遺言作成において、指定できる主な事


■ 遺言とは
亡くなると同時に身分上のあるいは財産上の事柄について、法律上の効力を生じさせようとする意思表示。


■ 遺言を作れる人は誰か
1)遺言をするときに満15歳以上である事
●未成年でも遺言については法定代理人の同意は不要。
2)遺言するときに意志能力がある事
●成年被後見人の場合は、遺言能力を回復していれば医師二人以上の立ち合いのもと有効に遺言できる。
3)言葉が不自由な人、耳が聞こえない人
●平成11年の民法改正により筆談や通訳を介して公正証書遺言の作成が可能となる。


■ 遺言の原則
1)遺言は必ず書面で法律に従って作成
2)1通の遺言書に複数人が共同で行う事はできない
3)いつでも遺言の一部または全部を取り消す事ができる

【遺言の撤回方法】
新たな遺言により前の遺言を撤回する
新たな遺言により、撤回したい内容に抵触する遺言をする
③遺言と抵触する財産処分をする
④遺言を破棄する
※公正証書は原本が役所にあるので、新たに書く必要あり。


■ 遺言で指定できる主な事

【身分に関する事】
1)認知
婚姻外で生まれた子を遺言で自分の子と認める。
2)未成年後見人及び後見監督人の指定
未成年者に対して最後に親権を行う者は、遺言で親権者の代わりをする未成年後見人と、
これを監督する後見監督人を指定する事ができる。

【相続に関する事】
1)相続人の廃除及び廃除の取消し
遺留分を有する推定相続人が、被相続人を虐待したり、重大な侮辱を加えた時、
あるいは著しい非行を行った時、遺言で廃除する事ができる。
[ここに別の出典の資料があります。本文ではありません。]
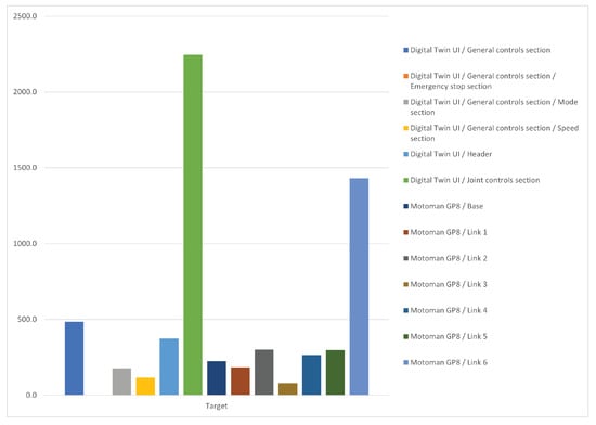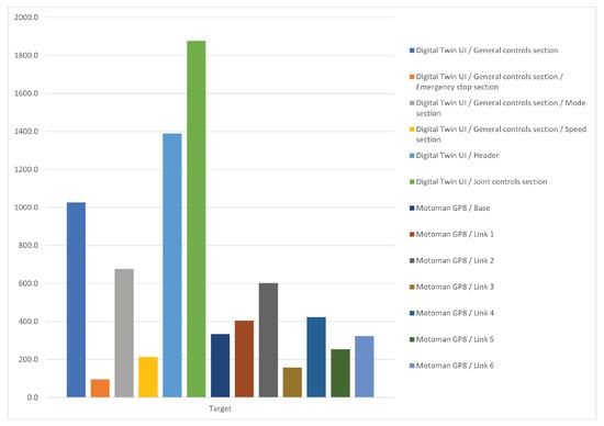 By comparing eye-tracking data collected during VR robot programming tests (Figure 7 and Table 8 for Group A, and in Figure 8 and Table 9 for Group B), it is clear that time spent looking at the UI controls is considerably higher (more than double) than time spent in looking at the virtual robot. For Group A, the regions containing the general controls, joint controls, and header are among the virtual UI targets with highest focus times. For Group B, the attention tracking system gave slightly different results. Figure 8 shows how the joint control section is still the area that was visualized for the longest time. In this case, though, timing relative to the general control section and header are much lower. In contrast, time spent looking at the physical industrial robot joint 6 is much higher than in the previous experiment.
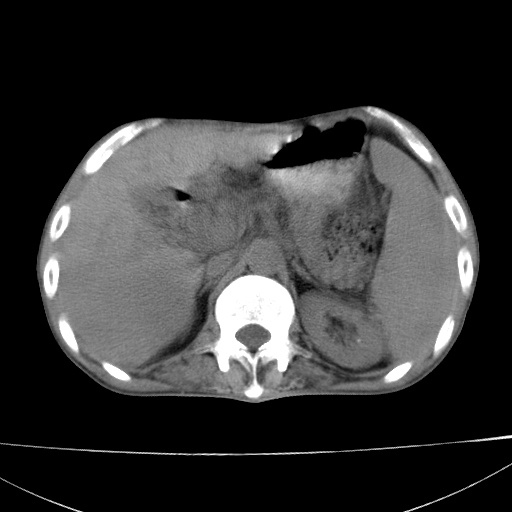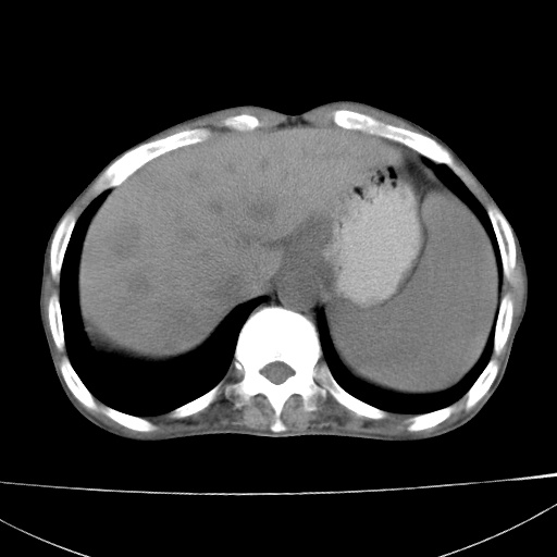 以下是引用zjzjr在2008-12-19 13:01:00的发言:[br]肝硬化\\脾大\\门静脉高压,胃底静脉曲张可能性大.肝右叶肝癌肝内转移,建议增强.左侧小结石.

(裁判所への請求が必要)
2)相続分の指定または指定の委託
被相続人は、遺言で共同相続人の法定相続分と異なった相続分を指定する事ができる。
この相続分の指定は必ず遺言によらなければならず、遺言の効力発生の時から、相続開始の時に遡って効力を生じ、各共同相続人の相続分が定まる。
3)特別受益の持ち戻しの免除
被相続人が特別受益の持ち戻しを希望しない場合には、遺言で持ち戻しをしなくて良いと意思表示をする事ができる。
4)遺産分割方法の指定または指定の委託
遺産分割方法の指定は遺言のみでき、遺産分割の方法には、
①現物分割の方法
②換価分割の方法
③代償分割の方法
④遺産を相続人間で共有させる方法
⑤特定の遺産を特定の相続人に取得させる遺産分割の実行の指定等がある
5)遺産分割の禁止
被相続人は、遺言で、相続開始の時から5年を超えない期間を定めて、遺産の分割を禁止する事ができる
●遺産分割の禁止がもっぱら相続人の利益のためにされた事が明らかなときには、相続人の協議によって遺産分割を行う事は妨げられない。
●事情の変更により遺産分割を禁ずる必要がなくなった時は、相続人の協議による分割や審判による分割も可能とされる。
※遺産分割で確定しないと配偶者控除や小規模宅地等の減税措置が使えないので注意。
6)相続人相互の担保責任の指定
遺産分割で取得した財産が他人物であったり、人の権利が付着していたり、隠れた瑕疵があったりしたような場合に、その相続財産を取得した相続人を保護するため、他の相続人に対して、損害賠償請求や解除を求めることができるが、被相続人は、遺言によって、この相続人の担保責任を指定(変更)することができる。担保責任の指定は遺言によって行わなければならない。
7)遺言執行者の指定
遺言者は遺言で、一人または数人の遺言執行者を指定し、または指定を第三者に委託する事ができる。遺言の執行とは遺言の内容を実現する為の手続きのことをいい、遺言執行者は相続人の代理人とみなされる。
8)遺贈の減殺方法の指定
遺留分の減殺方法は法律により定められており、複数の遺贈の減殺については各自的物の価額の割合に応じて平等に減殺するのが原則だが、遺言者が減殺すべき金額を遺贈ごとに指定したり、各遺贈に対する減殺の順番を指定したりすることができる。
※遺贈=遺言による財産の贈与(相続人及び相続人以外(第3者))
※相続=遺言に関係なく発生する財産の承継(相続人のみ)

■財産継承に関するもの
1)遺贈
遺言により、財産を無償で相続人または他人に与える事ができる
2)一般財団法人の設立
遺言により、一般財団法人設立の意思表示する事ができる。その場合は定款の絶対的記載事項を定めて一般財団法人設立の意思を表示する事が必要である。
3)信託の設定
被相続人の財産について遺言で信託する事ができる。信託とは委託者が財産を受託者である個人や法人に移転し、一定の目的に従って管理や処分等を委託する事。

 

■その他
1)祭祀承継者の指定
遺言で祭祀承継者を指定する事ができる。祭祀承継者は相続人や親族以外の第三者を指定する事もでき、また複数人を指定することもできる。
2)生命保険受取人の変更
遺言により保険金受取人の変更ができる。しかしこれらの規定は平成22年4月1日施行の保険法施行の以降に締結された保険契約について適用されるものであり、それ以前に締結された保険契約には適用されない。